**Directions for this task**.
Once you reach the line with "for festive celebrations" below, copy each line exactly, stopping after the line with "The interchange dominates", and skip any pictures.

Data for this task Block Start

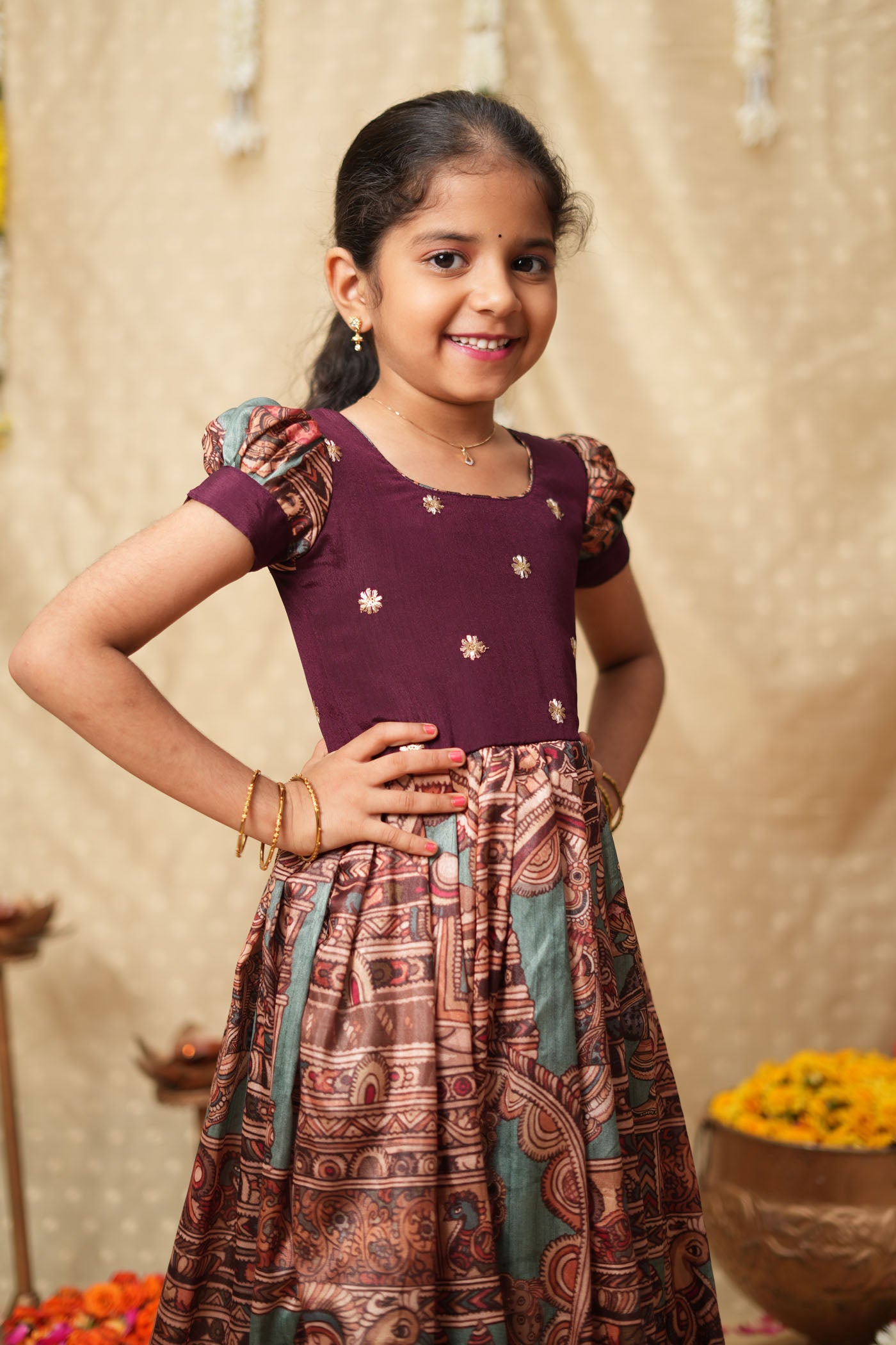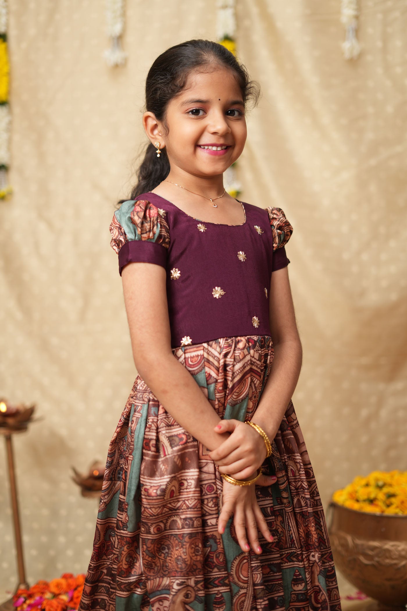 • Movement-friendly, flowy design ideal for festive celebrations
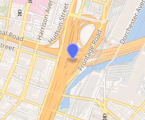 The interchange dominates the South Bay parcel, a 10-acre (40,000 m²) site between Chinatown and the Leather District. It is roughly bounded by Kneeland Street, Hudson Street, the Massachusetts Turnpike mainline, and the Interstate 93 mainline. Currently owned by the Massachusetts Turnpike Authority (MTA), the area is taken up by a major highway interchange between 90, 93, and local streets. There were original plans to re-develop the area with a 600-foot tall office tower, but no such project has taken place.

Data for this task Block End
Data for this task Block Start

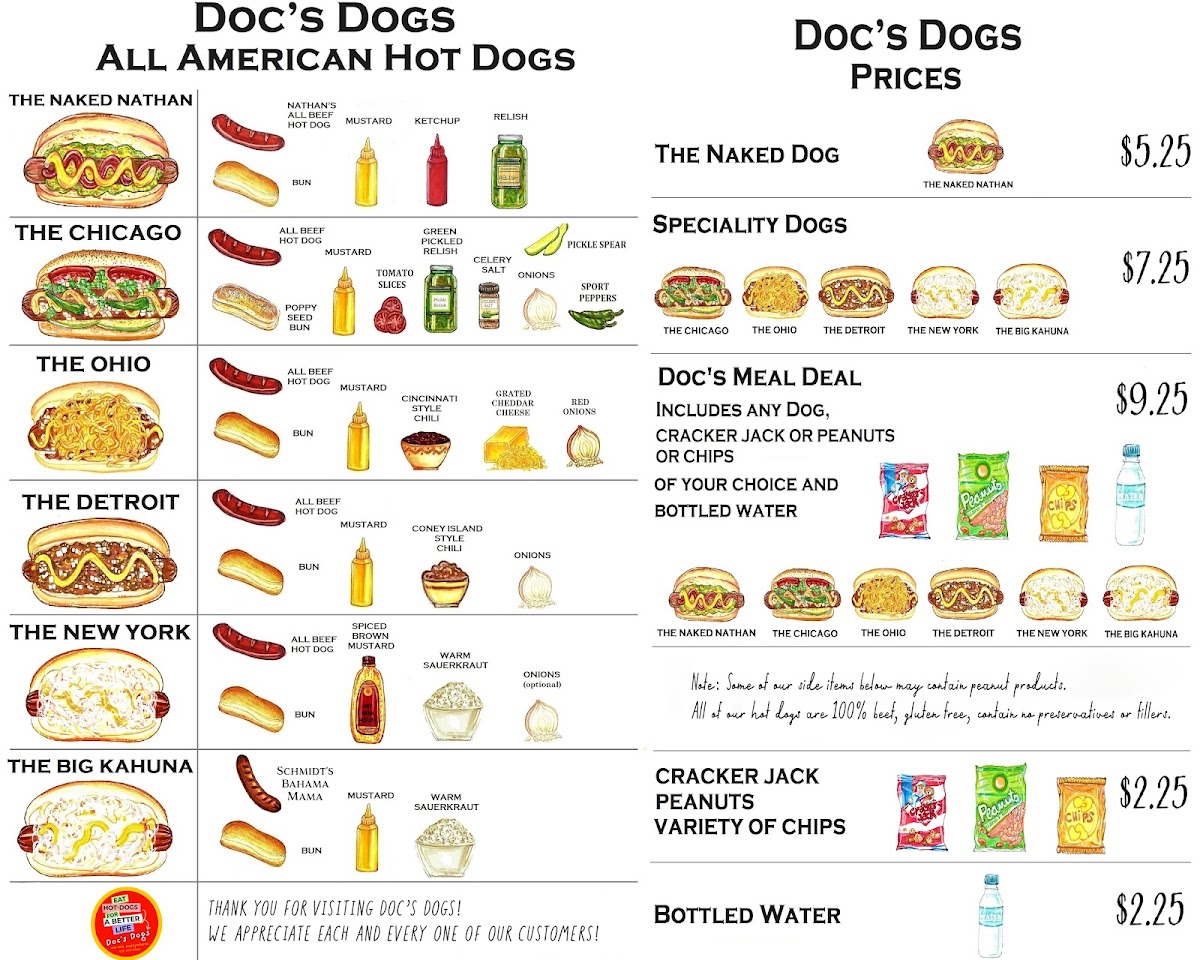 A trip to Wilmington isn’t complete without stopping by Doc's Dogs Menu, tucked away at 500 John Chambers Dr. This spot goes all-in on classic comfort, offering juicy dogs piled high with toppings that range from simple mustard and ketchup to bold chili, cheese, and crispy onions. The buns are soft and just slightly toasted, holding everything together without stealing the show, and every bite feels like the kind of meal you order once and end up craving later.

Data for this task Block End
Data for this task Block Start

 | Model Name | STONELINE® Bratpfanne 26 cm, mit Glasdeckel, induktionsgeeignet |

Data for this task Block End

**Exercise answer**.
 • Movement-friendly, flowy design ideal for festive celebrations
 The interchange dominates the South Bay parcel, a 10-acre (40,000 m²) site between Chinatown and the Leather District. It is roughly bounded by Kneeland Street, Hudson Street, the Massachusetts Turnpike mainline, and the Interstate 93 mainline. Currently owned by the Massachusetts Turnpike Authority (MTA), the area is taken up by a major highway interchange between 90, 93, and local streets. There were original plans to re-develop the area with a 600-foot tall office tower, but no such project has taken place.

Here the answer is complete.